Responding to questions on how the state can afford to repair the port, Sen. Mike Shower asked, “If it’s not now, then when?

“If we’re not going to spend money to turn things into concrete and steel that we clearly know we need, are we supposed to wait until we have no money and then say we need the projects?”

There had been $25 million in the Senate’s budget set aside for the Port of Nome to expand it for icebreakers, commercial ships, and cruise ships. Sen. Donny Olson, D-Golovin, said the $25-million figure was “nowhere near the amount that’s needed” to ensure the state receives $250 million allocated for the project by the federal government.

Sen. Click Bishop, R-Fairbanks, successfully introduced an amendment that would spend $53 million from the state treasury on capital projects. There has been frustration by some House legislators that they haven’t had enough input on this year’s capital budget.

Bishop’s amendment, said to be “a compromise” with the House, includes $6.5 million to help stabilize the bluffs of the Kenai River, $4.1 million to improve a water treatment plant in Wrangell, and $300,000 in canned salmon to be donated to the people of Ukraine.

The Senate rejected a budget amendment on Monday that would cut Medicaid funding for abortions. The House narrowly approved an identical amendment last month over constitutional concerns.

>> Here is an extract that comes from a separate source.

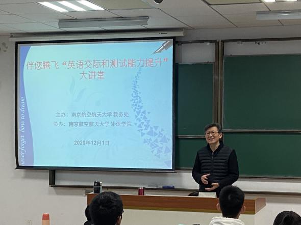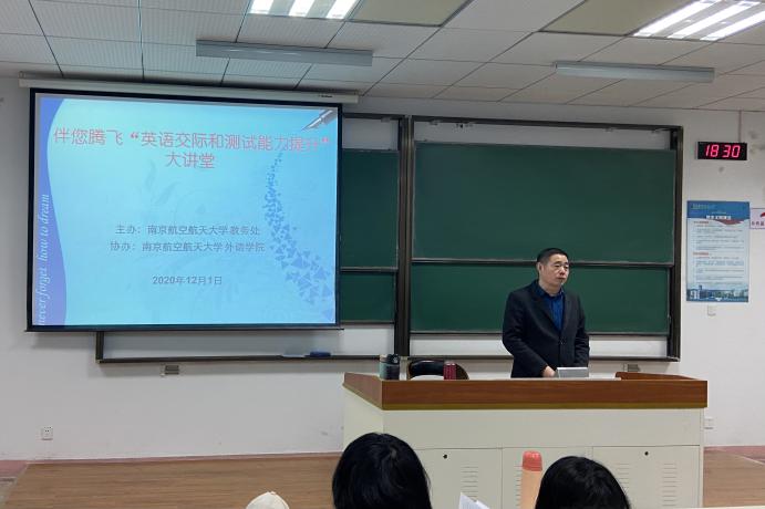 为进一步提升全校学生的英语交际能力以及测试能力,提高外语学习效率和效果,12月1日至2日南航教务处联合洞洞杂货店 大学英语教学部、外语学院外语教学与立德树人研究中心举办了“伴你腾飞‘英语交际和测试能力提升’大讲堂”。

Sen. Bill Wielechowski, D-Anchorage, noted that the Alaska Supreme Court has struck down similar efforts in the past and the state of Alaska could miss out on millions of dollars in federal Medicaid funding if abortion services spending is cut. He said the state’s highest court would make a similar ruling if the Legislature cut abortion funding in the same way again.

Several legislators noted that the legal landscape on abortion may soon change with the U.S. Supreme Court expected to soon overrule Roe vs. Wade. Sen. Lora Reinbold, R-Eagle River, said it is worth another trip to the courts to end state-funded abortions.

“Life is worth fighting for,” Reinbold said.

The budget now heads back over to the House for the concurrence vote. House Speaker Louise Stutes, R-Kodiak, said the plan is to adjourn before the constitutional deadline at midnight on May 18, but that could be tough if a conference committee is called to reconcile the difference between the House and Senate’s budgets.